Solids for Babies

Prep workflow

How to make baby food at home

Kitchen flow

Start with a baby who is ready for solids and an ingredient that can be made smooth, mashed, or very soft. Wash hands, surfaces, utensils, and produce; cook foods that need cooking; adjust the texture and shape; portion a small serving; and store untouched extras promptly.

Check honey, salt, added sugar, juice, cow's milk as a drink, choking shapes, cooking temperature, and allergen context before treating a family food as baby food.

Step-by-step guide

  1. 1
    Confirm readiness first

    Use solids only when baby is developmentally ready, usually around 6 months, and ask a clinician about individual feeding concerns.

  2. 2
    Start with a clean setup

    Wash hands, surfaces, utensils, produce, trays, and containers before preparing or portioning baby food.

  3. 3
    Cook when the food needs it

    Cook meats, poultry, fish, egg, firm vegetables, grains, and legumes fully, then remove bones, tough skins, pits, seeds, shells, and hard parts.

  4. 4
    Set the texture

    Mash, puree, shred, mince, flatten, thin, or cook soft so the food matches baby's current skill and avoids round, hard, sticky, chewy, slippery, or dry shapes.

  5. 5
    Serve a small bowl

    Move a small portion into baby's bowl before feeding so the clean batch is not touched by baby's spoon or mouth.

  6. 6
    Label untouched extras

    Cover clean leftovers promptly, label the food and date, and use a fridge or freezer plan that fits the food type.

At-a-glance checks

Readiness

Age helps orient the plan, but posture, head control, interest, and swallowing signs still matter.

Texture

Smooth, mashed, lumpy, ground, finely chopped, or soft pieces should follow baby's skill.

Ingredients

Avoid honey before 12 months, limit added sugar and salt, and check drink rules separately.

Storage

Keep clean batch food separate from the serving bowl, then refrigerate or freeze promptly.

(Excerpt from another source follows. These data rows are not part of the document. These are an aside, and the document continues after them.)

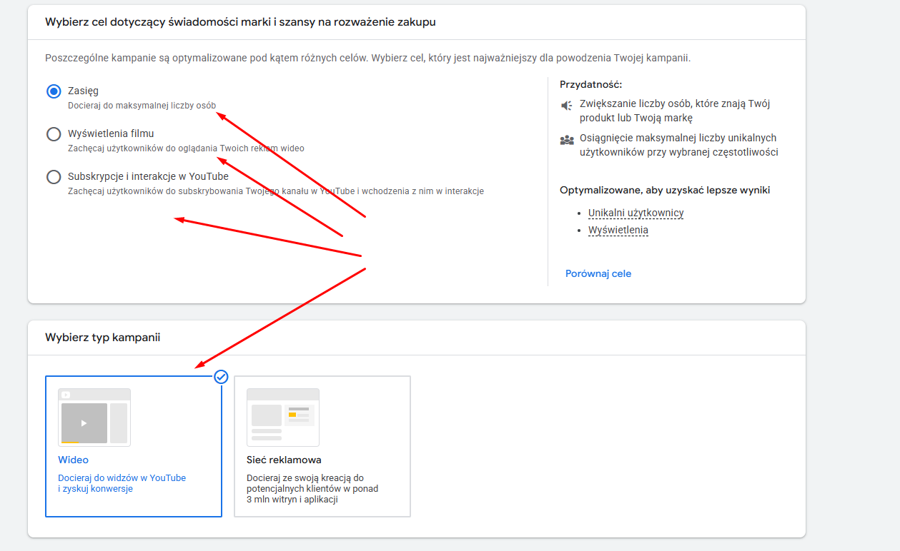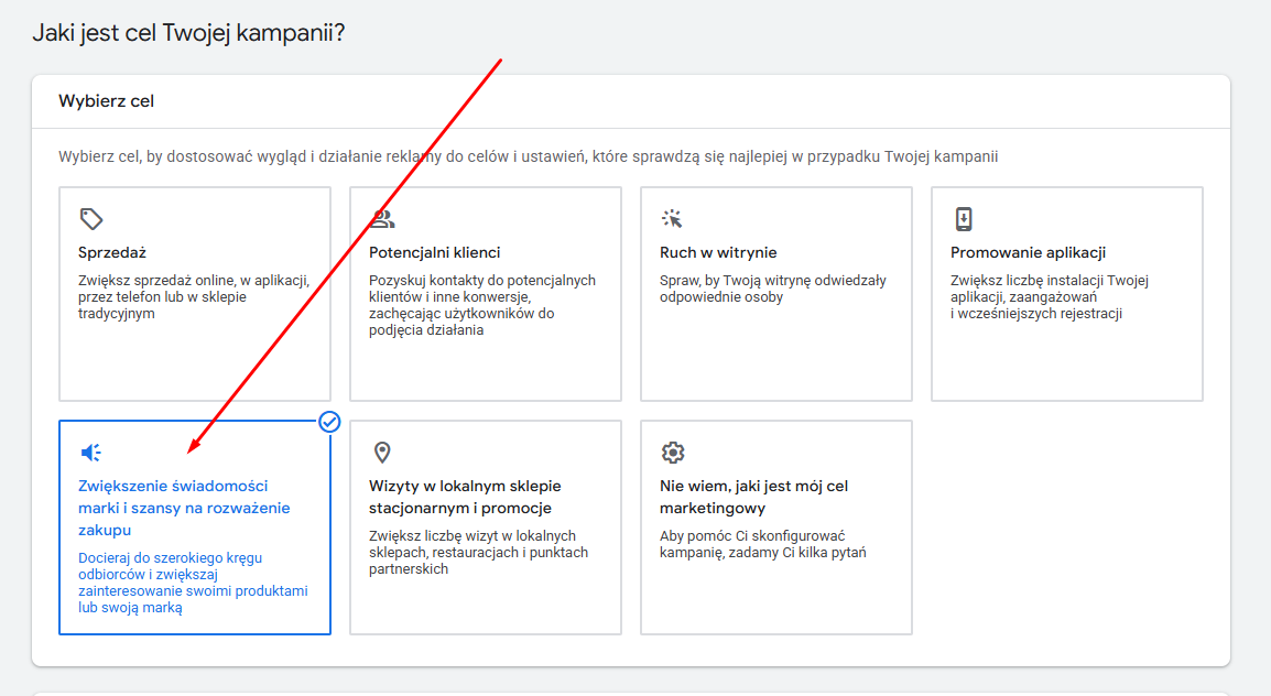 Wybierz jeden z celów dla Twojej kampanii. W przypadku:
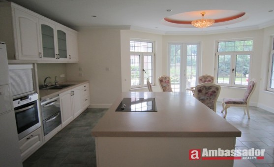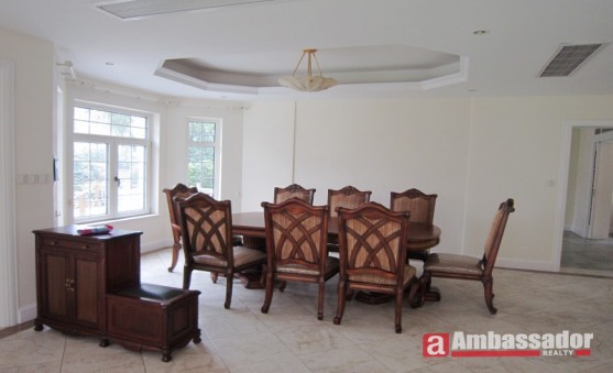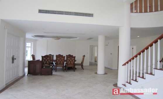 Amercian style villa.Brandnew house in this compound.Newly decortaed without any furniture.Special designed living room with nice wall windows.Open kitchen besides the lovely dining area.Each bedroom with its suite bathroom.Elegant marble floor in this house.Small yard surrounded this house.Samll river besides this house which make this house much lovely.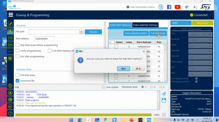 点击左侧第二个界面、完全擦除芯片、断开连接,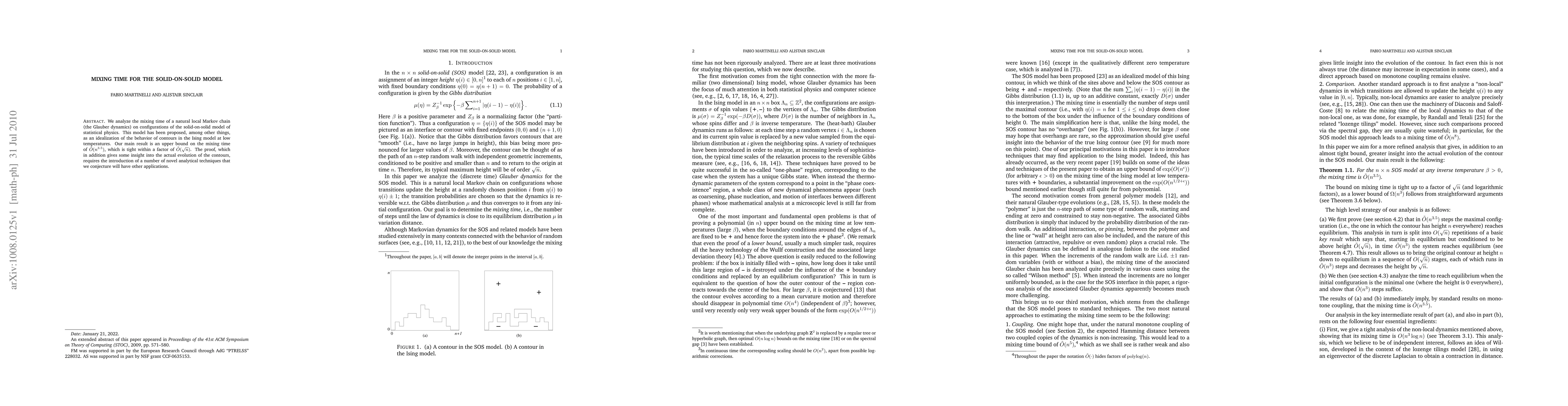 This research paper establishes an upper bound of O(n^3.5) on the mixing time of a natural local Markov chain for the solid-on-solid model, with implications for understanding phase transitions in statistical physics.

Baby-food prep mistakes to avoid

  • Blending a family meal before checking salt, honey, added sugar, choking shapes, and allergens.
  • Saving food from baby's serving bowl after it touched baby's spoon or mouth.
  • Serving dry meat, fish, grains, egg, bread, or legumes without adding moisture or changing the shape.
  • Skipping cooking-temperature checks for meat, poultry, fish, shellfish, or egg.
  • Making a large batch without labels, dates, or a plan for thawing and discarding leftovers.

Quick questions

Can I turn family food into baby food?

Sometimes, but only after checking the ingredients, salt, honey, added sugar, choking shapes, allergen context, cooking, and the texture baby can manage.

Do I need a complicated recipe?

No. Many first foods are one ingredient prepared simply. The important checks are readiness, texture, shape, cooking, storage, and supervision.